As you can see this starts out very inefficient but eventually we can start to build functions. Functions are a much more efficient way to write big numbers. As an example consider writing a google with just numbers, that would take 101 symbols (1 followed by 100 0’s). But with a function we can just write 10^100 once we have defined what the function x^y means.

This is basically what Rayo did, he came up with a way to define a very efficient function that is still finite but very large.

It is a very large (arguably the largest finite number eveer) number that came out of a competition trying to produce the largest finite number possible. The competition had a few important rules namely the number can’t be arbitrary(your number plus 1) and cant be a trivial extension of a smaller number(TREE(4)>TREE(3)). Rayo’s number in plain English is:

>The smallest number bigger than any number that can be named by an expression in the language of first order set-theory with less than a googol (10^100) symbols

To understand what this mean you first need to know the basics of first order set theory.
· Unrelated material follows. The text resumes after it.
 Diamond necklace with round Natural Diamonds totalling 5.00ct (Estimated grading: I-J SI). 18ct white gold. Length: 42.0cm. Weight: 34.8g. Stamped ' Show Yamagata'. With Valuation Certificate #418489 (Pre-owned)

Basically FOST is an attempt to start with the most basic symbols of logic and build every thing up from there. For small numbers this is very inefficient, for example to define in ‘0’ FOST you need to write:

>∃x1¬∃x2(x2∈x1)

and to define 1 you have to write:

>∀x.x∈1↔(∀y.y∉x)

and to define 2 you have to write:

>∃x1∀x2(x2∈x1↔(¬∃x3(x3∈x2)∨∀x3(x3∈x2↔¬∃x4(x4∈x3))))
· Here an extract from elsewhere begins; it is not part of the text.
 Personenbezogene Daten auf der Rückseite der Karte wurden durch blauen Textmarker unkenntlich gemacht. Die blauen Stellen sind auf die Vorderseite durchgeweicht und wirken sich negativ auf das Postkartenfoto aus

As you can see this starts out very inefficient but eventually we can start to build functions. Functions are a much more efficient way to write big numbers. As an example consider writing a google with just numbers, that would take 101 symbols (1 followed by 100 0’s). But with a function we can just write 10^100 once we have defined what the function x^y means.

This is basically what Rayo did, he came up with a way to define a very efficient function that is still finite but very large.
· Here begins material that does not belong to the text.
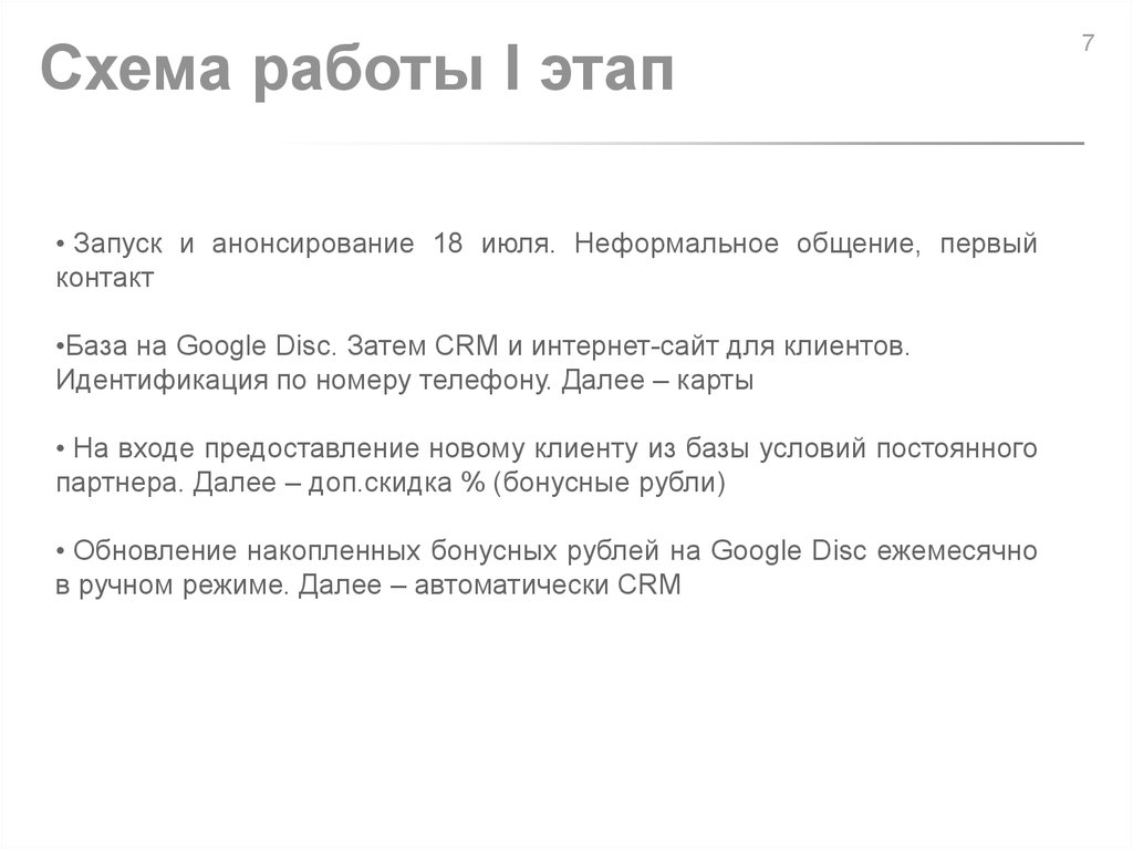 •База на Google Disc. Затем CRM и интернет-сайт для клиентов.

There are infinitely many numbers. It’s hard to wrap your head around just how stupidly much “infinitely many” is. Hence, for the amusement of themselves and others, some mathematicians have taken up a pastime of pointing out humongously large numbers that demonstrate just how tiny the numbers we’re working with are compared to what’s available.

Rayo’s number comes from a competition where two contestants competed who can name the biggest number. To have a competition like that make sense, your answer would have to involve some new idea that makes it significantly bigger than the previous one: you shouldn’t be allowed to just say “previous answer times 100” or something. Rayo’s number was the biggest number that came out of that competition.

The idea behind Rayo’s number is something like “The biggest number you can single out of all finite numbers with an explanation of at most 10^(100) letters/numbers.” Possible such explanations could be “1000 to the power of 1000”, or “number of possible orders for a deck of 1000 different cards”. Since you have only finitely many symbols to use, there are only finitely many numbers you can single out like this, so there has to be a biggest one. Right?

Except the above has a problem. Because one valid singling out would be “One plus the biggest number you can single out of all finite numbers with an explanation of at most 10^(100) letters/numbers.” And this leads to a paradox. Hence, to make this idea work, you need to ask the answer to be in a language that doesn’t allow these kinds of paradoxes. One option would be to ask for answers in a programming language: ideas like this lead to the “busy beaver” function, which is one known way to produce huge numbers.

Rayo’s approach instead uses set theory and mathematical logic as the language. It stops at so called “first order logic”, which does not include statements like “for every possible formula” which could lead to issues like the above. So the slightly more accurate explanation is something like “The biggest number you can single out with a basic matematical logic formula of at most 10^(100) symbols.” (Or technically that plus one, as the actual definition is in terms of “smallest one you cannot specify anything bigger than” instead.)